┌────────

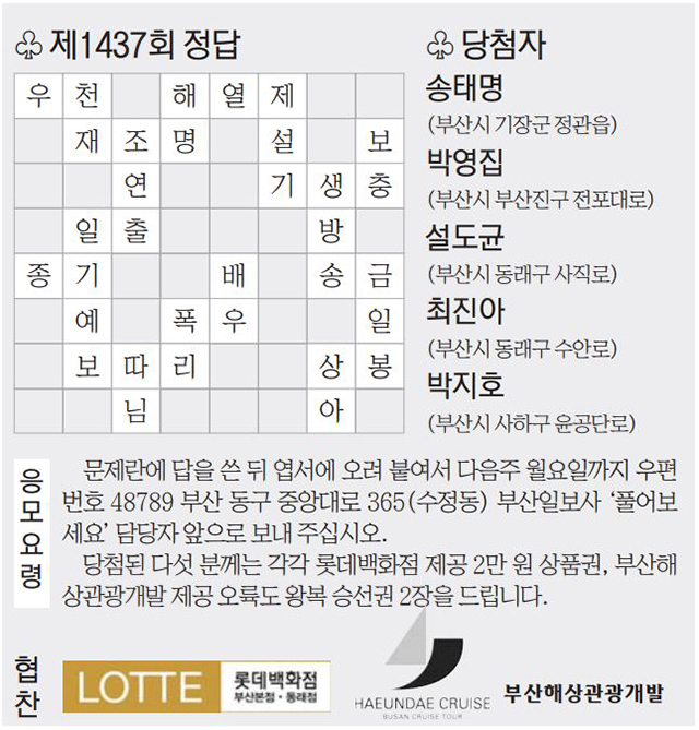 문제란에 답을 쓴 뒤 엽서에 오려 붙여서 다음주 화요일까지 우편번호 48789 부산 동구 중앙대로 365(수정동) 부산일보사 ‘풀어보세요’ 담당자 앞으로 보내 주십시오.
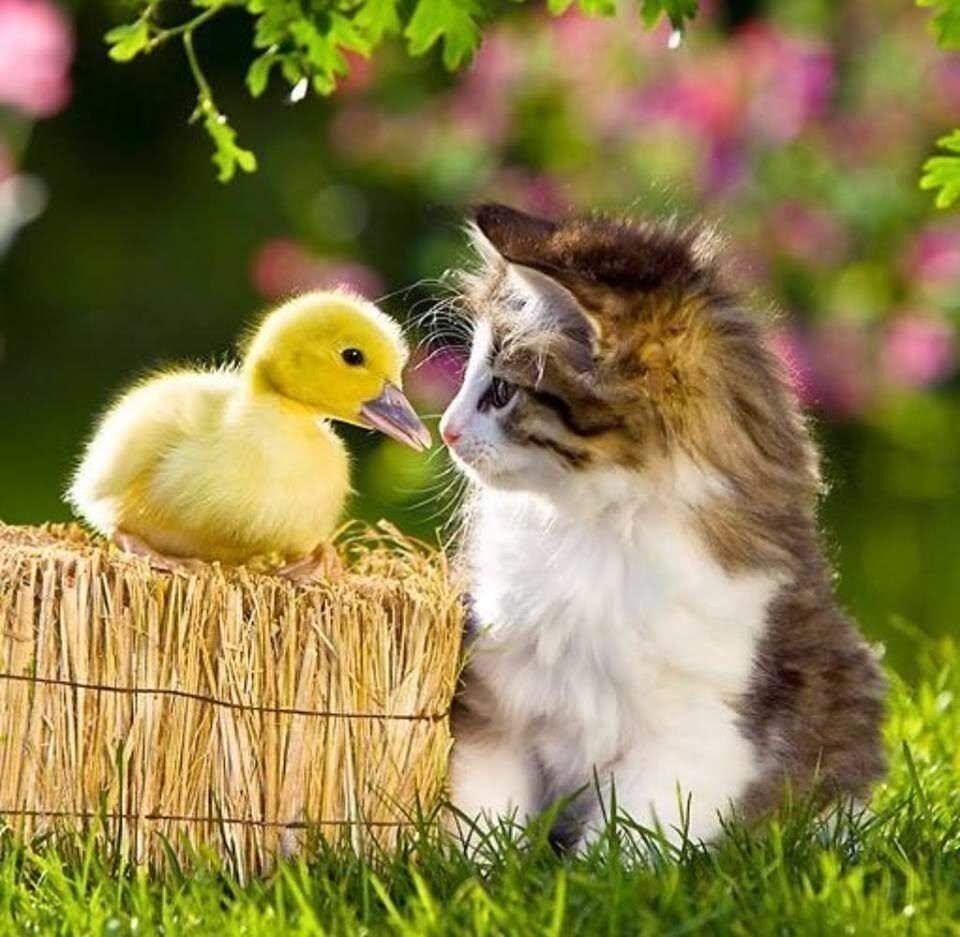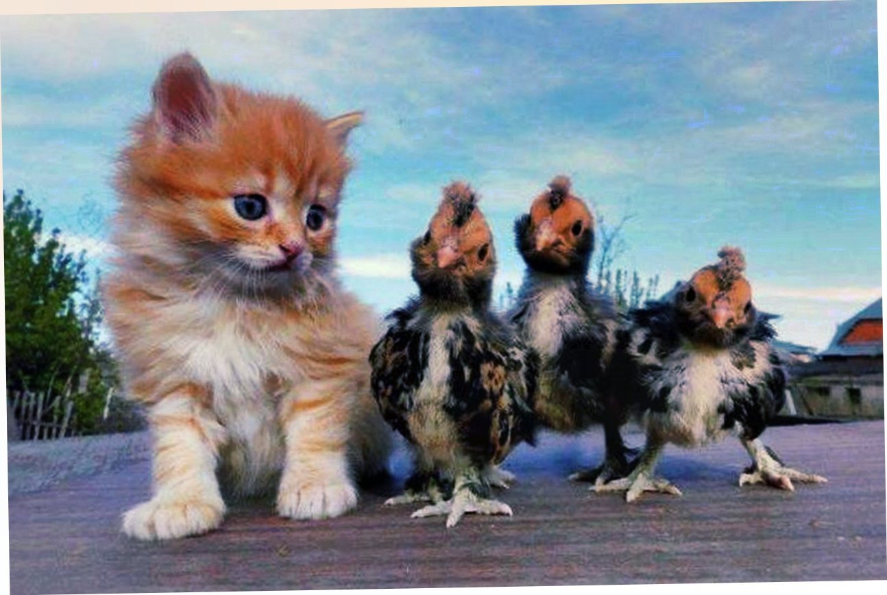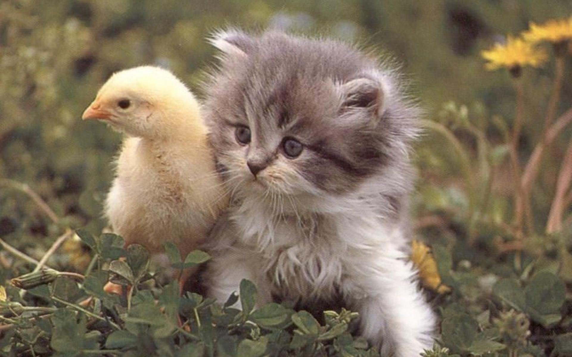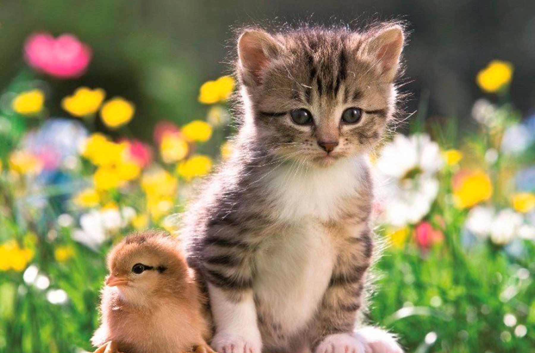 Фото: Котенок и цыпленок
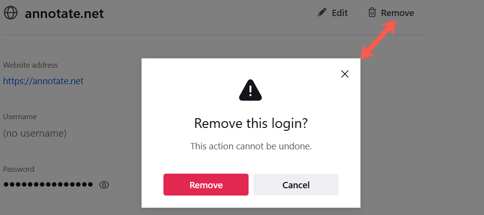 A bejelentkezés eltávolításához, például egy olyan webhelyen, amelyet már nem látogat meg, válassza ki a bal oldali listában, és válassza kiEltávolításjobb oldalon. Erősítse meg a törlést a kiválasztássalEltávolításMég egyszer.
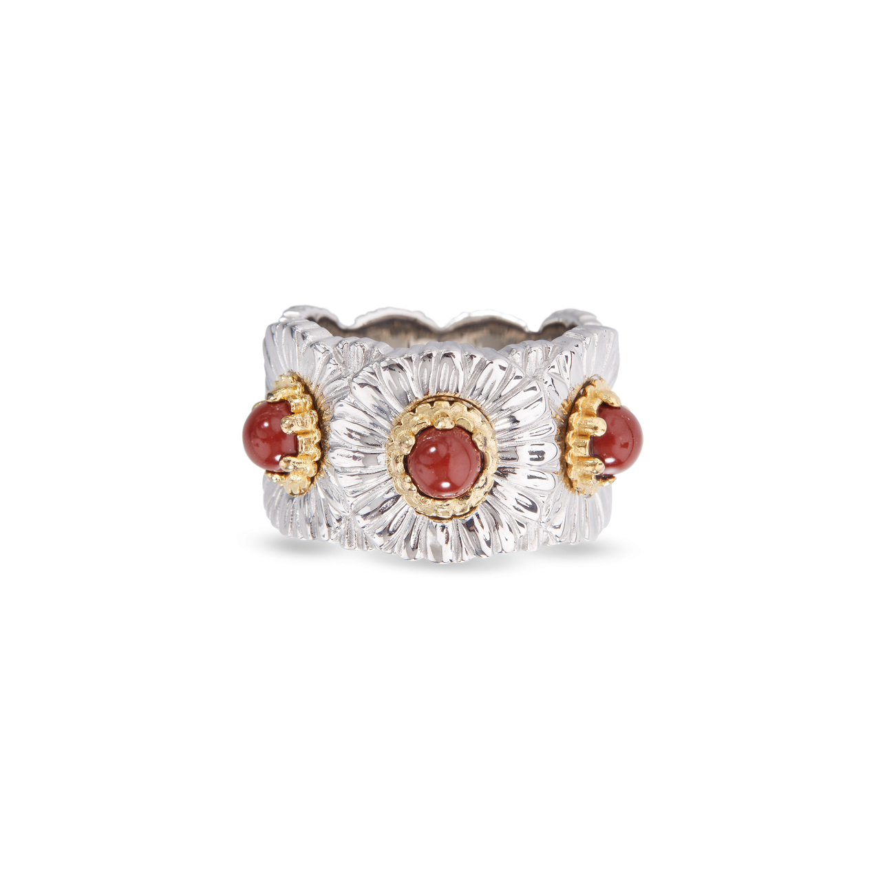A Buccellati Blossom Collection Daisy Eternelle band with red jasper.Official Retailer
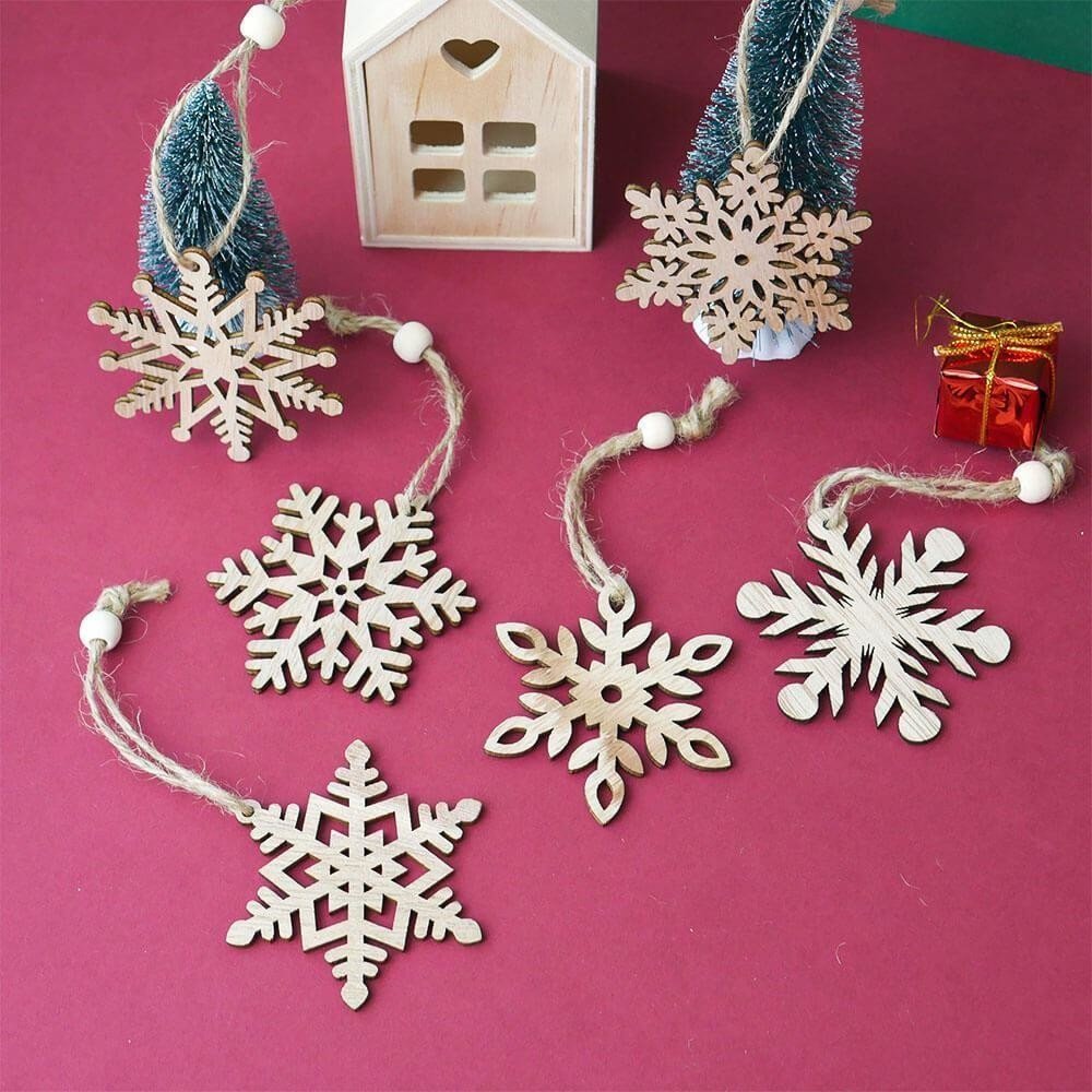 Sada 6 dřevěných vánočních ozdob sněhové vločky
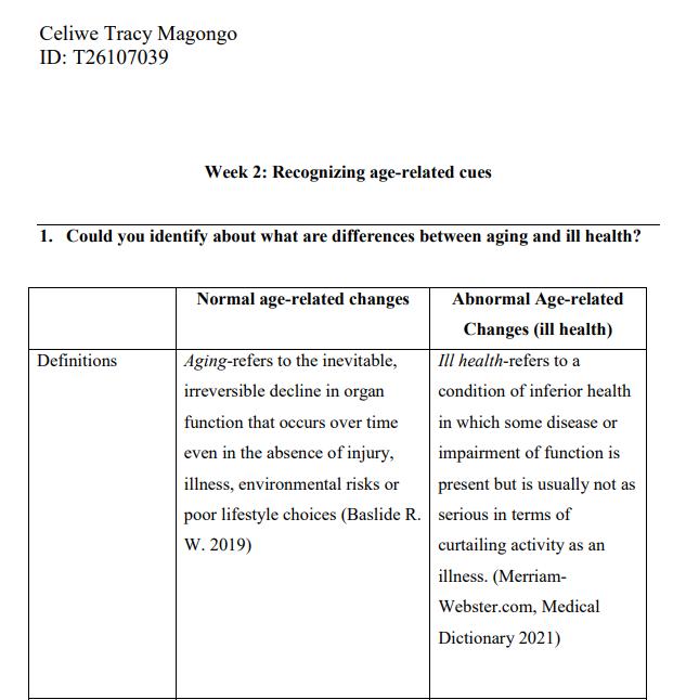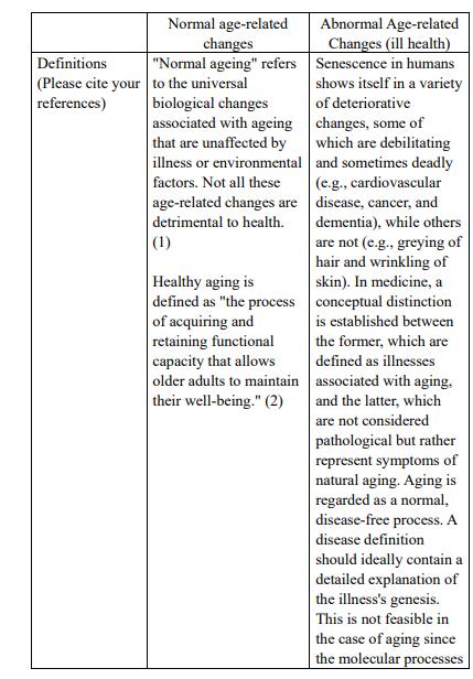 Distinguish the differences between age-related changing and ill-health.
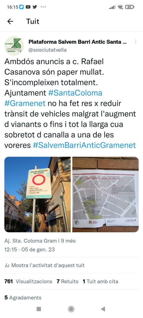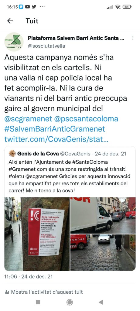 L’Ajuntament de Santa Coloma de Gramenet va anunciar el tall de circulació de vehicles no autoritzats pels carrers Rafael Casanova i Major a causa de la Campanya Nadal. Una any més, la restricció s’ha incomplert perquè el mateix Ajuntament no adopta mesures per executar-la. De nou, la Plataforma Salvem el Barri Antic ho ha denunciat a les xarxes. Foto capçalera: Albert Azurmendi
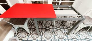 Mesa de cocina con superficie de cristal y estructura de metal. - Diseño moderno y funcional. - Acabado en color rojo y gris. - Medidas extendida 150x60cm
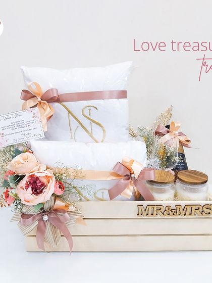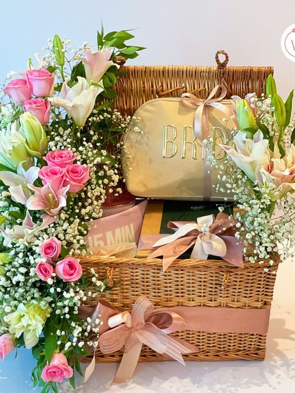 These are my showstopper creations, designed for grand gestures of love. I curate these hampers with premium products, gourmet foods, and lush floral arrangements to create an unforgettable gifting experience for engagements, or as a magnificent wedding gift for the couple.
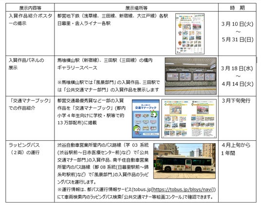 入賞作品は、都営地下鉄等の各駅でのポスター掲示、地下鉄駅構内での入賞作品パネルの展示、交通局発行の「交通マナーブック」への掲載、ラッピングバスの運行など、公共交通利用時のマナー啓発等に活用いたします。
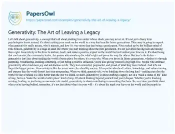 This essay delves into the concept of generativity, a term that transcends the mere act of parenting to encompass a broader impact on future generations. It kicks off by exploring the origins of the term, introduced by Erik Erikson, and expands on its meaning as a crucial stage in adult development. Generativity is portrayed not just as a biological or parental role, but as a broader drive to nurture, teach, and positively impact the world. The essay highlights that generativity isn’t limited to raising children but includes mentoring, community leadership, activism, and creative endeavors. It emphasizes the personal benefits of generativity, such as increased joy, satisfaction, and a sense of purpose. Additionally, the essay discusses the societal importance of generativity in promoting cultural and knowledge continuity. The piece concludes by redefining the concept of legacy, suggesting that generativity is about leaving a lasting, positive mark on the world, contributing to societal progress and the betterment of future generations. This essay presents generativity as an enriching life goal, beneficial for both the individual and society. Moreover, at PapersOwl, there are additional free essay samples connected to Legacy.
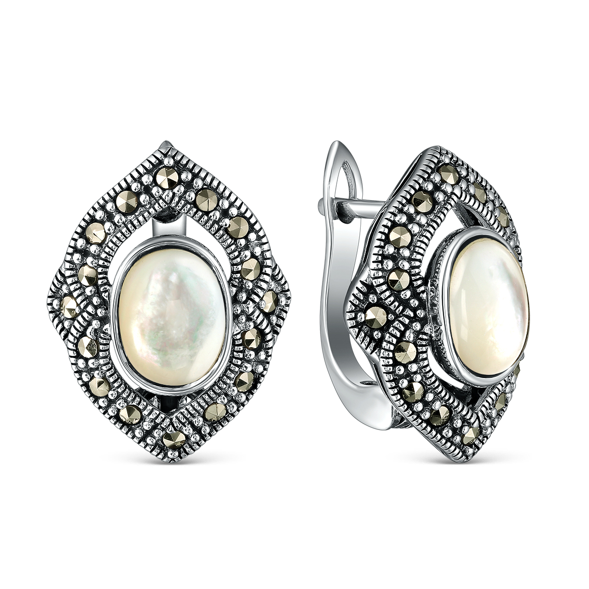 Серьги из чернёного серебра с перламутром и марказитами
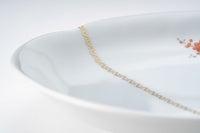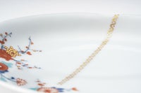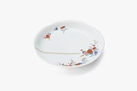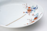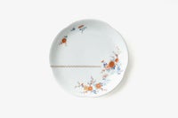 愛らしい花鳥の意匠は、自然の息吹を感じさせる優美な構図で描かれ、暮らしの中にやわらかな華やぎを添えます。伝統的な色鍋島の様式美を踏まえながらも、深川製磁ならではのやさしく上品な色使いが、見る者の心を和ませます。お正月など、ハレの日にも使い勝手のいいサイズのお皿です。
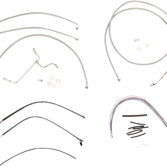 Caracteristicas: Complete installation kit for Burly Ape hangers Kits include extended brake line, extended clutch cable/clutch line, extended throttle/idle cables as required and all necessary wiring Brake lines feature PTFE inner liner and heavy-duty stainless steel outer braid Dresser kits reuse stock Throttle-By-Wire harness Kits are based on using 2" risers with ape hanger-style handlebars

└────────

> _WHAT YOU SHOULD DO_: Leave the pictures out and retype only the lines from the line with "愛らしい花鳥の意匠は、自然の" through the final line of the material, both ends included, word for word.

> _RESPONSE TO THIS TASK_:
 愛らしい花鳥の意匠は、自然の息吹を感じさせる優美な構図で描かれ、暮らしの中にやわらかな華やぎを添えます。伝統的な色鍋島の様式美を踏まえながらも、深川製磁ならではのやさしく上品な色使いが、見る者の心を和ませます。お正月など、ハレの日にも使い勝手のいいサイズのお皿です。
 Caracteristicas: Complete installation kit for Burly Ape hangers Kits include extended brake line, extended clutch cable/clutch line, extended throttle/idle cables as required and all necessary wiring Brake lines feature PTFE inner liner and heavy-duty stainless steel outer braid Dresser kits reuse stock Throttle-By-Wire harness Kits are based on using 2" risers with ape hanger-style handlebars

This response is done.